Siblings in the Unconscious and Psychopathology: Vamik D. Volkan and Gabrielle Ast. Madison, Connecticut: International Universities Press. 1997. Pp. 184 + xiv

Review by:
Peter B. Neubauer

The reader can rest assured that the title of this book does not refer to an encyclopaedic exploration of the sibling experience and its multiple influence on psychopathology. In the introduction the authors make it clear that they address the ‘mental representation of childhood siblings … in adult patients’ internal worlds, and the role they play in psychopathology' (p. xi, my italics). They are not interested in studying normal or transient conflicts about rivalry, envy and jealousy among siblings. They focus on the role of the unconscious fantasies in adult life as the necessary entrance into the inner mental life as being the pivotal mode of the analytic intervention. They never fail to assert that they are examining sibling ‘representations’. They do not dwell on conscious fantasies, day-dreams or overt behaviour, but study the repressed conflicts.
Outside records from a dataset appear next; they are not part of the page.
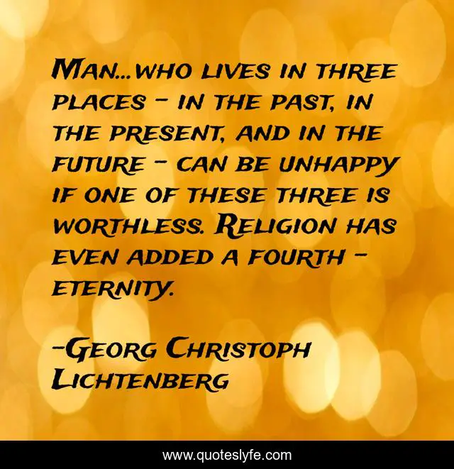 This page presents the quote "Man…who lives in three places – in the past, in the present, and in the future – can be unhappy if one of these three is worthless. Religion has even added a fourth – eternity.". Author of this quote is Georg Christoph Lichtenberg. This quote is about eternity, life, past, religion, future, present, time, happiness,.
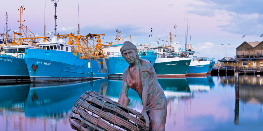 Fishing Boat Harbour in Fremantle is a well-known tourism precinct characterised by panoramic waterfront views, iconic blue fishing vessels, vibrant hospitality venues and significant memorials. Walyalup, and connections from around the harbour to the sea, have long provided meeting places, a primary food source and spiritual connection for Whadjuk Noongar people. This area became one of the first landing sites of the Swan River Colony and has remained closely connected to Fremantle’s maritime identity ever since. Over the following century, fishermen used the natural harbour to moor their boats and sell their catch directly from the jetty. Over time, the harbour evolved from a simple jetty into a bustling hub for Western Australia’s fishing industry. Officially established as Fishing Boat Harbour in 1924, it has remained in continuous operation as a working harbour.
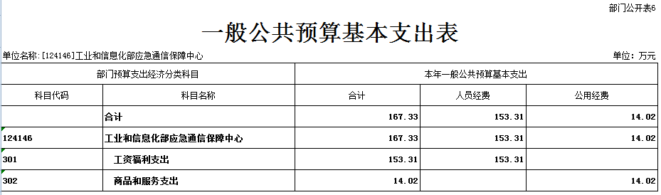 工业和信息化部应急通信保障中心2022年一般公共预算基本支出167.33万元。其中:人员经费153.31万元,主要包括:基本工资、津贴补贴、住房公积金。公用经费14.02万元,主要包括:办公费、印刷费、邮电费、差旅费、委托业务费、福利费、其他交通费用。
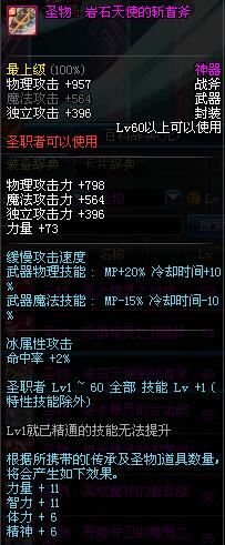 | 30 | 圣物 : 雪魂冰魄之战斧 | *Lv29~36普通地下城怪物掉落 |
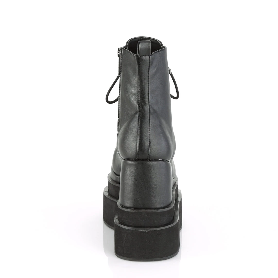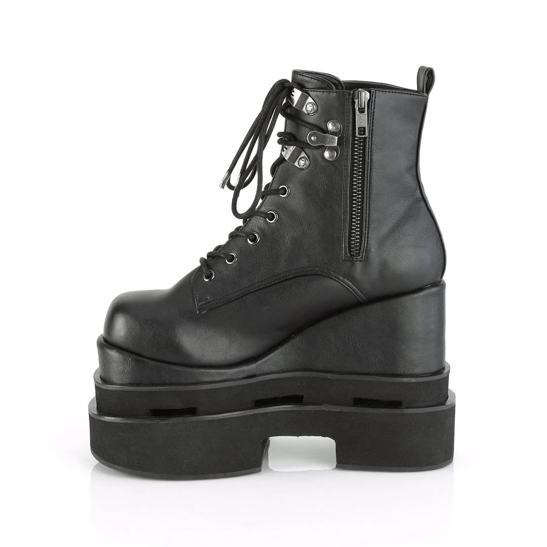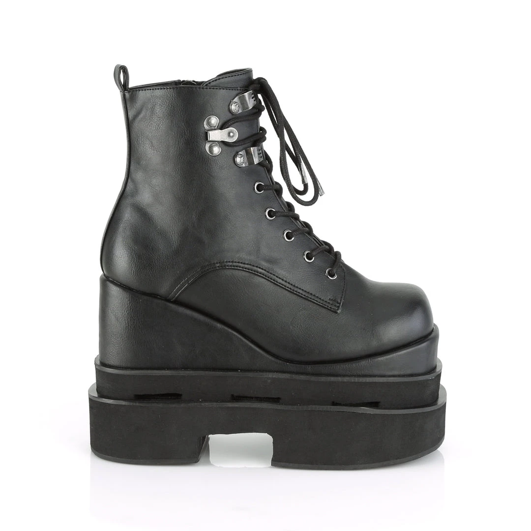 5″ (127mm) Triple Tiered Wedge Cutout Platform Lace-Up Ankle Boot, Side Zip Closure

It is this traditional psychoanalytic position that they never abandon. It leads them directly to the significance of unconscious fantasies, to which they assign an early chapter. Here, too, they restrict the field of exploration, defining unconscious fantasies as being repressed conscious fantasies or day-dreams. They do not include Freud's assumption of primary unconscious fantasies that have been unconscious all along, as an expression of the drives. The authors then state that the repressed day-dreams have to follow primary process thinking, but, and there is the interesting characteristic of unconscious fantasies, they still follow their organised story-like quality.